Чёрные отверстия ноздрей угрожающе расширились на красном лице следователя. С жадностью втягивая хлорированный воздух помещения, он прошипел:

— Вижу, вы знакомы с законами Российской Империи, Даниил Олегович. Вы большой молодец! Если вы не против, позвольте хотя бы задать вам пару вопросов.

Данила кивнул.

Лицо азиатки было располовинено однотонной чёрной татуировкой, что ровными прямыми линиями огибала нос, губы и веко девушки.

— Сколько вам полных лет, Даниил Олегович?

— Двадцать восемь.

— Какими были ваши последние действия, что вы помните?

Ответ последовал с некоторым затруднением:

— …я… говорил по телефону… с подругой. Мы собирались встретиться. Говоря, сел в вагон на станции «Достоевская», поэтому не особо наблюдал за происходящим вокруг — огромная толпа, давка. Всё как обычно. Тут вам придётся ждать видеозаписи с моей карты памяти.

— Куда вы направлялись?

— Домой. Дальневосточный проспект. Но… мои планы изменились, и я собирался встретиться с подругой, как я уже сказал.

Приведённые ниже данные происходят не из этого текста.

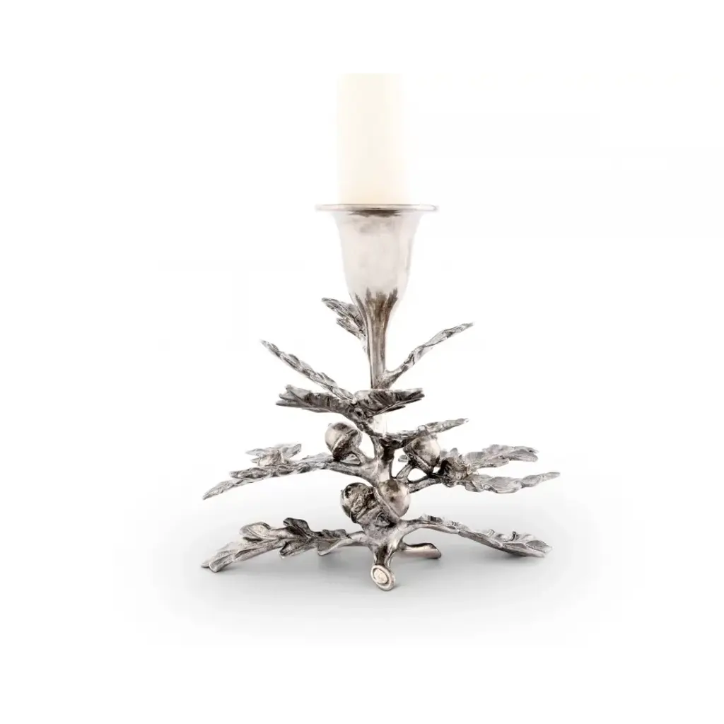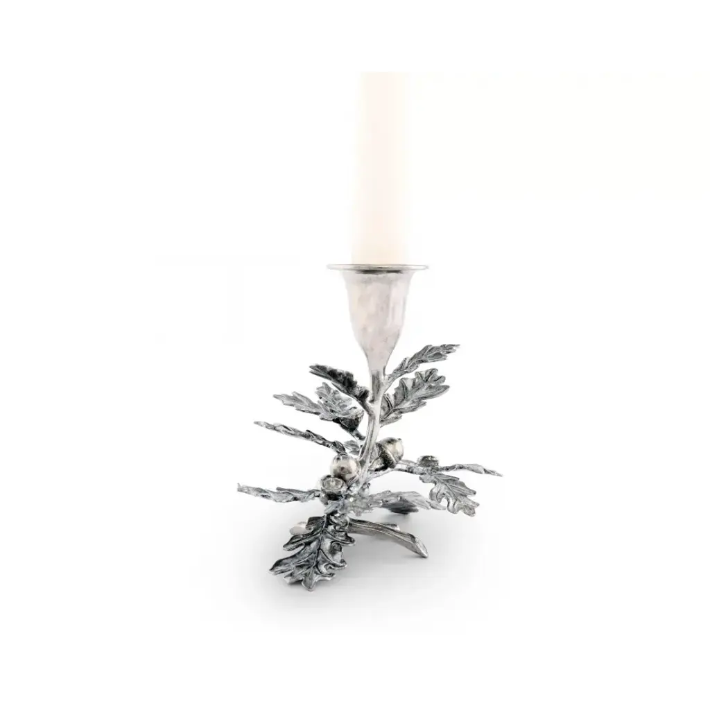 Elegant natural décor and soft romantic candlelight are on hand when you decorate with Vagabond House's Acorn and Oak Leaf Single Taper Candlestick. Crafted from our pure pewter, the single, highly polished classic socket is supported by an intricately detailed pewter rendition of an oak twig studded with leaves and tiny acorns. Vagabond House is a family-owned American company specializing in fine pewter tableware, servingware and giftware. Largely inspired by nature, their exclusive products are designed to be unique, functional heirlooms for those who seek to express tradition and style in both family and formal entertaining.

— До свидания, Даниил Олегович. Благодарю за сотрудничество, — следователь развернулся и вышел из палаты, маленькая азиатка исчезла следом за ним.

Уставшее сознание парня начало медленно расслабляться, позволяя воспринимать всё больше деталей окружения — огромные массивы тел серыми мясными дюнами заполнили пространство палаты.

«Так сразу и не скажешь, кто из них мёртв. Неудивительно, что трупы не успевают выносить до их частичного разложения».

Осыпающиеся стены сочились звуками пьяного угара.

«Видимо, сегодня Новый год… или, может быть, завтра…»

Обитатели больницы радовались исключительному дню, громким смехом и разговорами заглушая его начало. Неуверенный шёпот молодой стажёрки вновь обратился к нему:

— Тот человек ушёл… не хотите?.. — она неуверенно протянула ему руку с бокалом вина.

— Вы всё это время были здесь?

— Нет, я отходила… тот человек меня сильно напугал… а ещё я ходила за вином… праздник же… — добавила она в конце, видя, что собеседник никак не реагирует на предложение.

Девушка выглядела измотанной, её красные, раздражённые глаза устало смотрели из серых впадин глазниц.

— Пусть кто-нибудь уберёт вон того человека. Он мёртв.

— Ой… — Данила почувствовал, как пара капель вина попали на лицо, — извините нас… сейчас всё поправим… — и она исчезла за дверным проёмом, за громкими звуковыми волнами новогоднего хаоса.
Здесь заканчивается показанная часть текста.